Our study had several advantages. First, by using consecutive patients in our prospective study, we reduced the selection bias. Second, our study focused on small solid renal tumors ≤4 cm in size, which correlates with T1a staging of renal malignant tumors. Early diagnosis of renal tumors leads to early intervention and subsequent improved prognosis in clinical practice.[262728] Third, our study determined the most suitable b-value in DW-MRI to distinguish malignant from benign lesions using b values of 0, 50, 400, 600 s/mm2 at 3.0T. We based our choice of b values on the theories that low b values (b ≤ 200 s/mm2) would lead to intravoxel incoherent motion effects[29] contributing to the ADC values, high b values (b ≥ 800 s/mm2) would lead a decreased signal-to-noise ratio, and multiple b values would improve the accuracy of ADCs. Jie et al.[30] showed that the use of high field strength resulted in greater sensitivity and specificity for the detection of prostate cancer with DWI.
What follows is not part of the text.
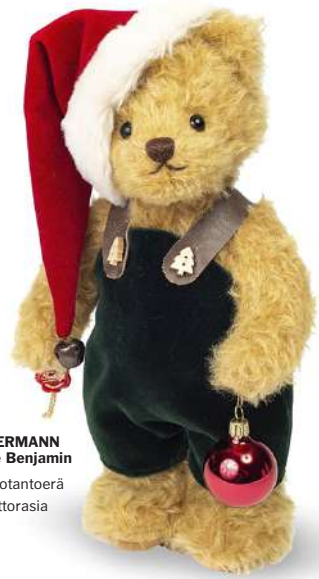
TEDDY-HERMANN Joulunalle Benjamin 100 kpl tuotantoerä Sisällä soittorasias 199 €

Meiltä löydät myös laajan valikoiman käsin tehtyjä pieniä joulu koristenalleja!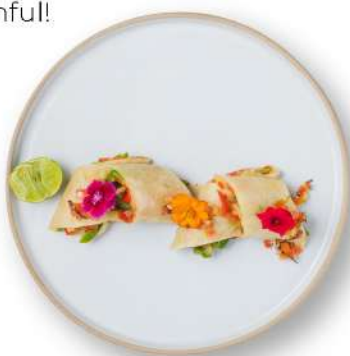
• Tortilla Vegetable Wrap 320++ THB

Vegetables are packed with ANTI-OXIDANTS like Vitamin C and E, folic acid, lycopene, and more, keeping your body healthy and feeling youthful!

There were some limitations in our study as well. First, since the sample size was relatively small and all RCCs included in our study were ccRCCs, our study did not compare the ADC of RCCs subtypes. Second, our study concentrated on solid renal tumors without evaluating the cystic renal lesions. Third, the cut-off ADC proposed in our study cannot be easily reproduced because it is dependent on the MR scanner and sequence, which are inherent limitations of DW-MRI. Thus, in the future, it will be necessary to establish standardized DW-MRI acquisition parameters and processing procedures.

In conclusion, our study has shown the potential of DW-MRI in differentiating ccRCCs from benign small solid renal tumors (≤4 cm), which when combined with nonenhanced MRI, could lead to an increase in accuracy for diagnosing ccRCCs.